亡き父のこと。 | 語り得ぬものについては沈黙しなければならない。

亡き父のこと。

今回は少し私事を書かせてください。

3月10日には福島市内での『てつがくカフェ@ふくしま』特別編に参加し、11日午後2時46分には塩竃の沿岸部で被災者の方の取材をしており、そのことを書こう書こうと思っていたのだけれど、いろいろあってまったく書けませんでした。
なにより大きかったのは、父が亡くなったこと。
昨日告別式が終わり、ようやく少し落ち着いたところです。

父はずっと大学にいた。
かつて父の教え子であった方々はその後、年齢は離れていても父の飲み友達とでもいうべき存在になってくれていた。
そして、今では音楽家として活躍されている方々を中心に、通夜、告別式両日とも、素晴らしい演奏を聴かせてくれた。
また、作曲家の方には父の葬儀のために曲を書いていただいた。
ほんとうにありがとうございます。

父が大学で研究し、また教鞭を振るっていたのは、美学、美術史であり、また、ほとんどの人はそんな学問は名前も聞いたことないと思うけれど、音楽図像学といってたとえば絵画の中に表現された楽器などの研究をしていた。

で。

「真・善・美」が、西洋思想の伝統的な価値観といわれる。
「真」というのは「偽」の対義語で、「2+3=5は真である」「2+1=4は偽である」といった論理的な問題や、「光は毎秒30万㎞で伝わる」といったような経験的、実証的な問題もそうだ。
「善」の対義語は「悪」で、これを問うのは一般的に倫理学と言われる。
そして、「美」を問題にするのが父の専門であった美学。

かつて「神が存在する」とされていた時代には、真善美は神のもとにひとつであった。
もっとぶっちゃけて雑な議論にしましょう。
正確な話ではないのはわかって書くので、細かいところは突っ込まないでね。

「プラトニックラブ」というと、今では(まあ死語だけど)「肉体関係なしの精神的な愛」だというふうに理解されている。
精神的って言っちゃあ精神的なのだが、その語源である「プラトン」はご存知のようにギリシャ時代の哲学者であり、たとえば我々は「三角形を書け」と言われればそのへんの紙に簡単に書くことができる。でも、本来の三角形というのはエンピツの太さがあっては駄目だし、0.0000~1ミリでも曲がっていては駄目だ。すなわち、我々の書くのは「三角形もどき」にすぎない。
そこでプラトンは、「我々の住むこの世界とはまったく別に、我々には決して手の届かない世界(『イデア界』)があって、そこに三角形の原型(三角形のイデア)が存在する」と考えた。
三角形に限らず何事にも「原型(イデア)」があって、だからこそ我々は三角形を書いたり、三角形について厳密に語ったりできる。というわけだ。

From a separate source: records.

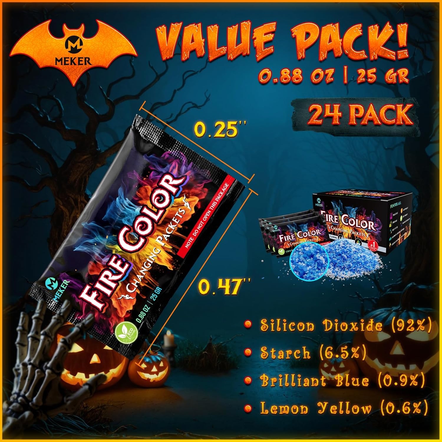 MEKER packets deliver vibrant blue, green, red, purple, and yellow flames that dramatically enhance any campfire, bonfire, or indoor fireplace. Expect a visible show within seconds and lasting magic for up to 30–50 minutes per packet pair/group.
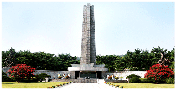 여기는 민족의 얼이 서린 곳 조국과 함께 영원히 가는 이들 해와 달이 이 언덕을 보호하리라.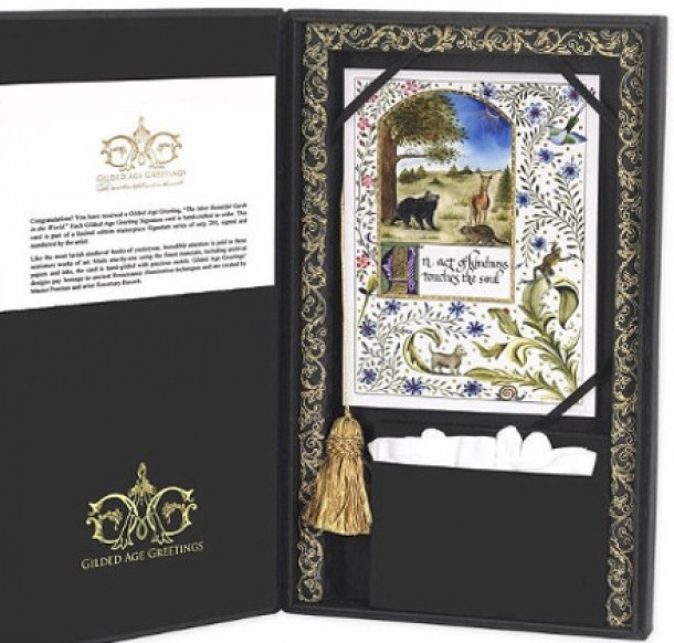 Nu este vorba despre o felicitare oarecare. O companie din Florida, specializata in felicitari de lux, foloseste hartie rezistenta, aur de 23 de carate si pietre pretioase pentru a crea o felicitare ce valoreaza nici mai mult, nici mai putin de 5.000 de dolari.
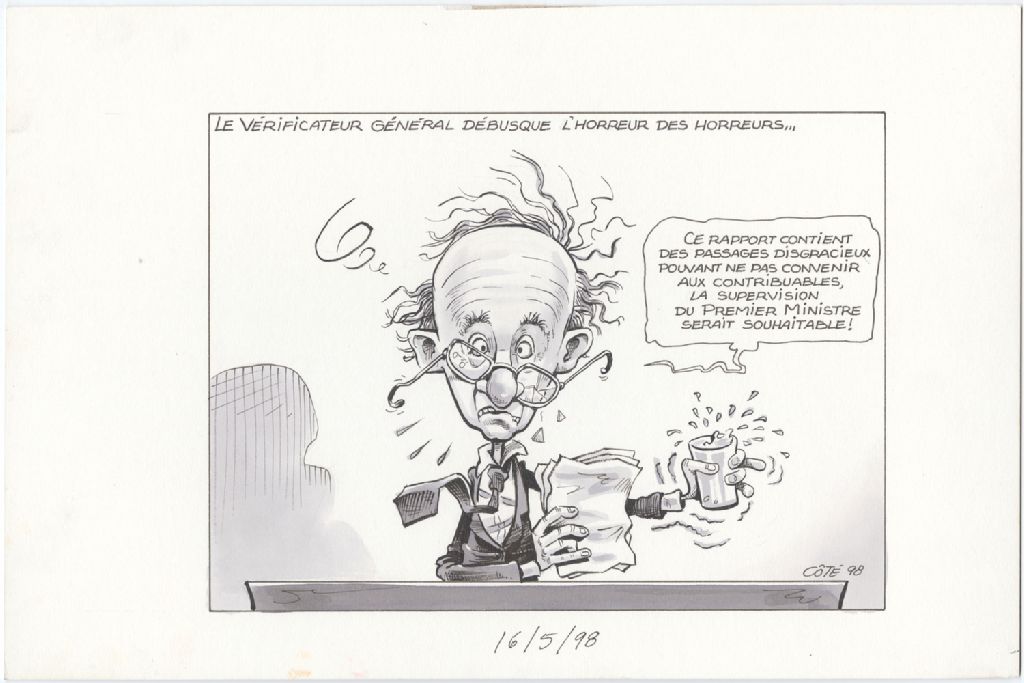 Le Vérificateur général débusque l'horreur des horreurs… "Ce rapport contient des passages disgracieux pouvant ne pas convenir aux contribuables, la supervision du Premier ministre serait souhaitable!", 16 mai 1998, Archives nationales à Québec, Fonds André-Philippe Côté, (03Q,P687,S1,P98-05-16-1), André-Philippe Côté.

西洋で「神が存在する」とされていた時代には、あらゆる物事の根源、本質、本来の姿(などなど言い方はいろいろできる)は神によって作られたとか、神のもとにある、とかいうことにされていて、これを言うと怒るキリスト教徒もいるのかもしれないけれど、つまりまあ、これはプラトンのイデア界に相当する。

ところがこんにちでは、「神の存在」についての議論なんかほとんどない。
毎週日曜日に家族揃ってメガチャーチに通い、銃規制や同性愛、人工中絶に反対する共和党馬鹿議員の演説に聴き入る米国の田舎者なんかは神様を信じているけれど、彼らのほぼすべて、99.9%は「神の存在」についての議論などできないはずだ。

でも、少なくとも科学は、神から解放されたおかげで、つまり神の意志や摂理に合うとか合わないと言った問題なんかにはまったく制約されないからこそめざましい進歩を遂げたわけだし、哲学でも、じつは考えた挙げ句に神を認める人は意外といるのだが、「神の存在」を出発点として議論するような人はまずいない。

「存在に先立って、別のところに本質(のような感じのもの)がある」というのが「プラトニズム」であり、現在の哲学ではそういう二元論はほぼ否定されている、というわけだ。
(つまり「セックスを我慢するプラトニックラブなんていう馬鹿げた考えはおよしなさい」ということでもあるのだが、今夜はその話ではない)

自然科学はもちろんのこと、社会学や経済学といった社会科学、心理学なんかの経験的、実証的学問は、いわば「真」を問うものである。神がいなくなってすっきりさっぱり。神の意志なんか考えることなく、実験や数字、その検証、実証をすれば良い。

ところが、「善」や「美」は違う。
神は善であるし美であるから、神やイデアの存在を前提とすれば、じつに都合が良かったのであった。
「善」や「美」の原型、「善」や「美」そのものはどこか別の世界にあって、それを人間が直接見ることはできないけれど、「原型」や「そのもの」を想い、目指して、考えたり行動したりすれば良かったのだ。
ところが、神なき世界になって、善や美はその根拠を失ってしまった。

とはいえ、「善」は、神なき世界でも議論されることが多い。
たとえば、少し前にはハーバード大学サンデル教授の「これからの「正義」の話をしよう 」が日本でもものすごく売れた。
倫理学(善についての学問)では定番の問い、たとえば「少数派を犠牲にしても多数派を救うべきである、というのが正義と言えるか」みたいな問題は、古典的な問いではあるけれど、特に原発事故以後の日本においては、こんにち的な問題であったりもする。
「何が正義か」を、神様がジャッジしてくれれば楽なんだけど、いないのだからそうはいかない。

ところが、「美」が語られることはものすごく少ない。
書店に行けばわかる。
哲学のコーナーに倫理学(正義論とか社会的正義の話)の本はいろいろあっても、美学の本はほぼない。芸術の棚に行っても形而上的に美を語る本はあんまりないよなあ。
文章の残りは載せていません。